Isaac: We think about the identity of the band a lot when we’re writing. Especially Bryan because he’s such a huge part of the writing process, even though he doesn’t have an instrument in his hand. There are a lot of times where we’re writing a song, and we’re like, “Okay, what would Knocked Loose do?” or “Does this make sense in a Knocked Loose song?” And I think a huge part of writing the next record is going to be about us thinking too hard about that and then us taking a step back and being like, “It is whatever we want it to be,” you know? It really is. Knocked Loose has never taken a step where a bunch of people have been upset or anything like that.
Can you talk a bit about how this self-awareness of band identity has evolved? I don’t get the sense that managing it is intimidating.

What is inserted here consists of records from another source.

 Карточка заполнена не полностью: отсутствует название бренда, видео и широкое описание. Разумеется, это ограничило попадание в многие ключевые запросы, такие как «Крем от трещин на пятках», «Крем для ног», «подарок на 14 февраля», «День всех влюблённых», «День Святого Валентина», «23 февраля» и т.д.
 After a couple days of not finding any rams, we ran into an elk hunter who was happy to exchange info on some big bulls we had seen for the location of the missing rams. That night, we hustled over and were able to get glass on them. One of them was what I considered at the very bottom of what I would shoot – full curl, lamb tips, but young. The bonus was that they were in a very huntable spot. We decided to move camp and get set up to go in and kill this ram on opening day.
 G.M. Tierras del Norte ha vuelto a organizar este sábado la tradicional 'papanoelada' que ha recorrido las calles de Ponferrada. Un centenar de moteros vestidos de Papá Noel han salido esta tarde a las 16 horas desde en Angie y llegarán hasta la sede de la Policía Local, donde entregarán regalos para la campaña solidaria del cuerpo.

Isaac: We started out being a simple down-tuned hardcore band. The first full-length was a little bit more creative with tempos but pretty much the same thing. ADSoB was a step up but a similar vibe. This EP was a huge step up as far as songwriting goes. The first song is just a breakdown the whole time. We’ve never done anything where anyone has been like, “That was a crazy move,” you know? If that happens on the next record, then we’ll totally embrace it. We’re very aware of the space we occupy, and we would never put something on a record that we think would sacrifice that identity. Knocked Loose is a heavy band, it’s an ___-beater band, it’s a hardcore band, it’s a metal band . . . anything we do, creatively, on the next records, it’s gonna be a way to expand that idea and make it cooler.

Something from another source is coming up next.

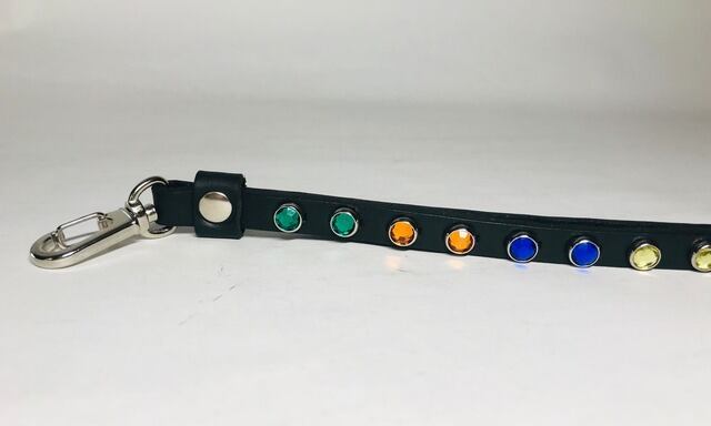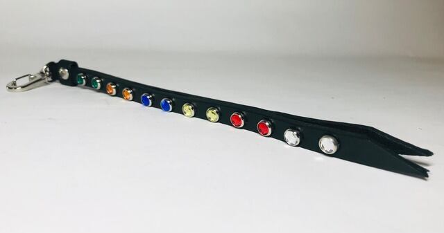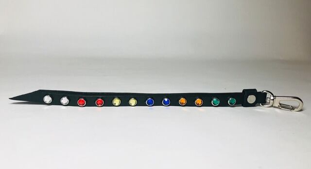6色12個のカラーストーンを両面に施したリバーシブルスタッズのキーリングとなります。金具に回転ナスカンを使用する事で裏表が自由に動き簡単に取り外す事が可能です。
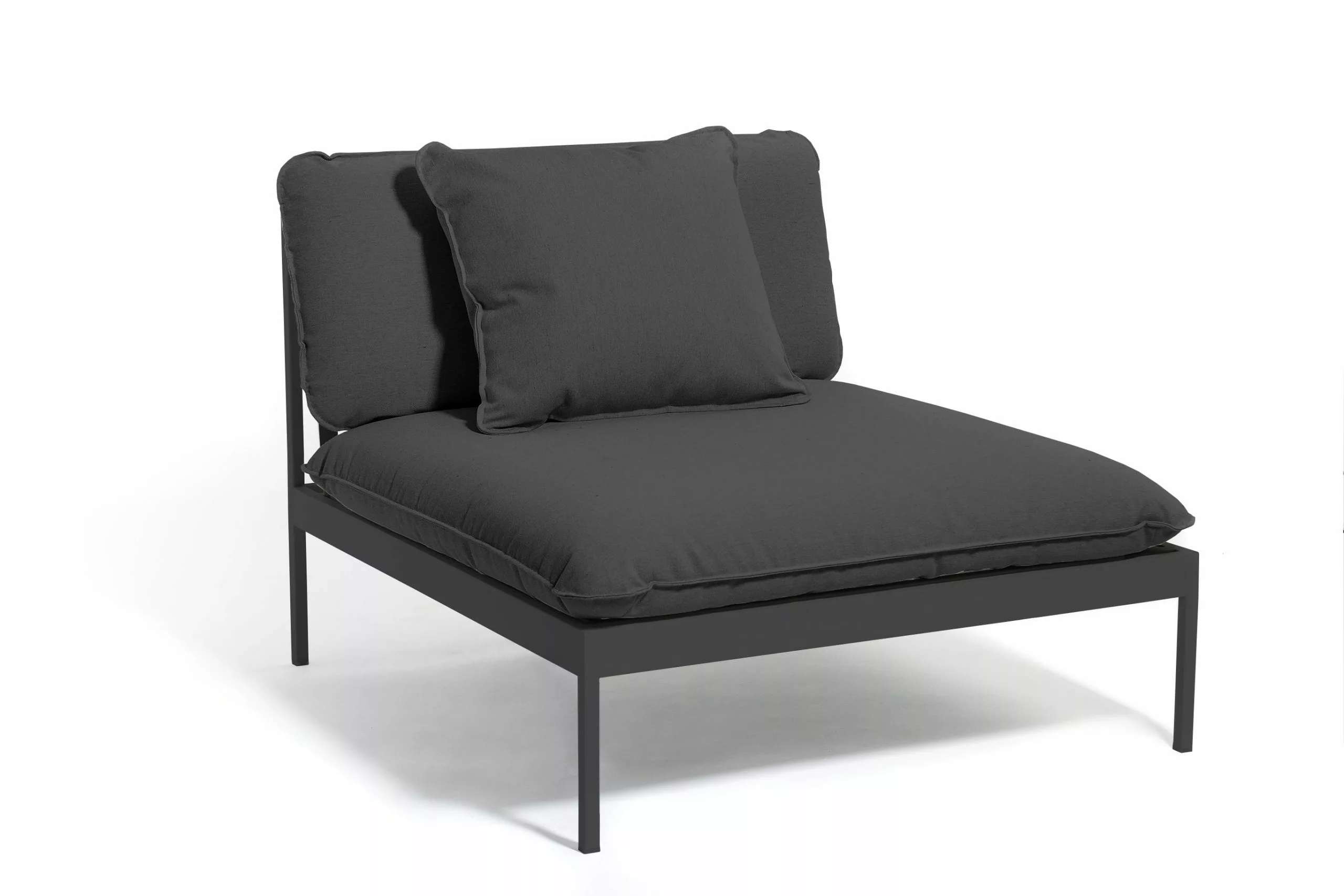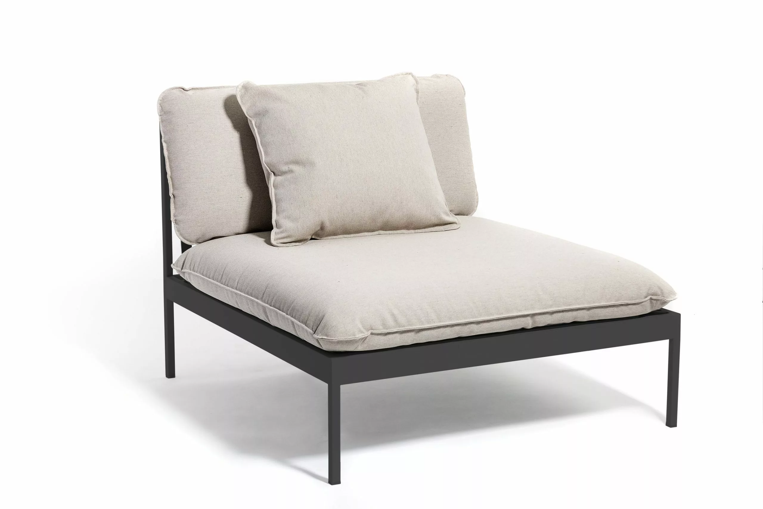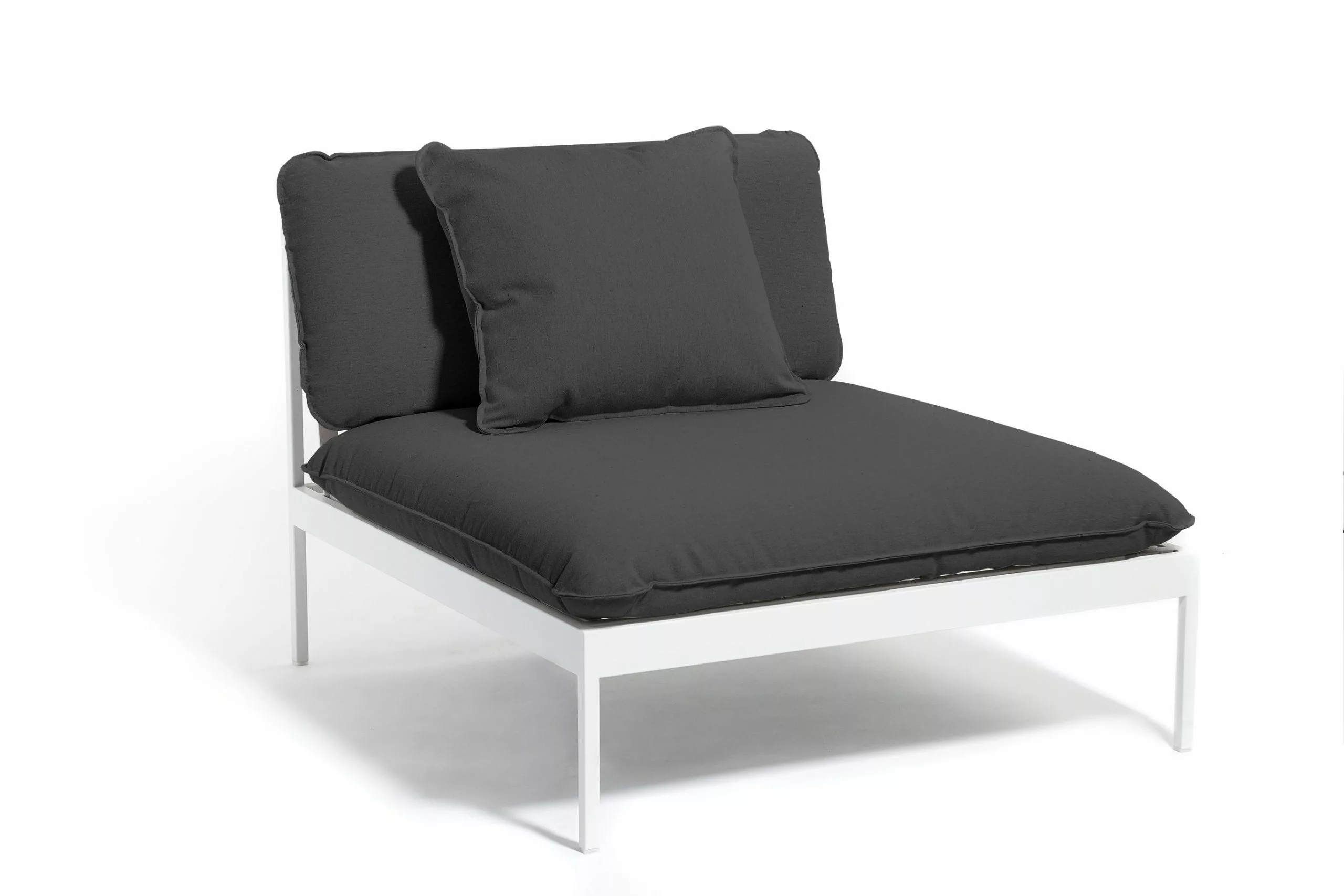 Ett smart modulärt soffsystem som kan användas året runt utomhus. Mycket mångsidig, mycket slitstark. Ramarna är gjorda av aluminium, kuddarna är gjorda av Sunbrella utomhustyger och fyllda med Quickdry-skum.

Reevaluating, Reimagining, and Re-presenting
One way that Knocked Loose has explored new territory is through intentional contrast — thematic exploration through mood setting. Sampling has been a significant part of that approach. With the full-length, Isaac tells me, the samples — while deliberate — worked to create a different sort of ebb and flow to the album, breaking it up with striking transitions. On the EP, however, the band learned from their previous experiments and improved upon them many times over, offering thematic depth and narrative augmentation that reinforce the story it’s meant to tell. Nicko agreed with Isaac, citing the “cohesion and intentionality” of ADSoB‘s samples as the basis for what he considers to be the “soundscape” and “movie soundtrack” atmosphere that matured into the EP.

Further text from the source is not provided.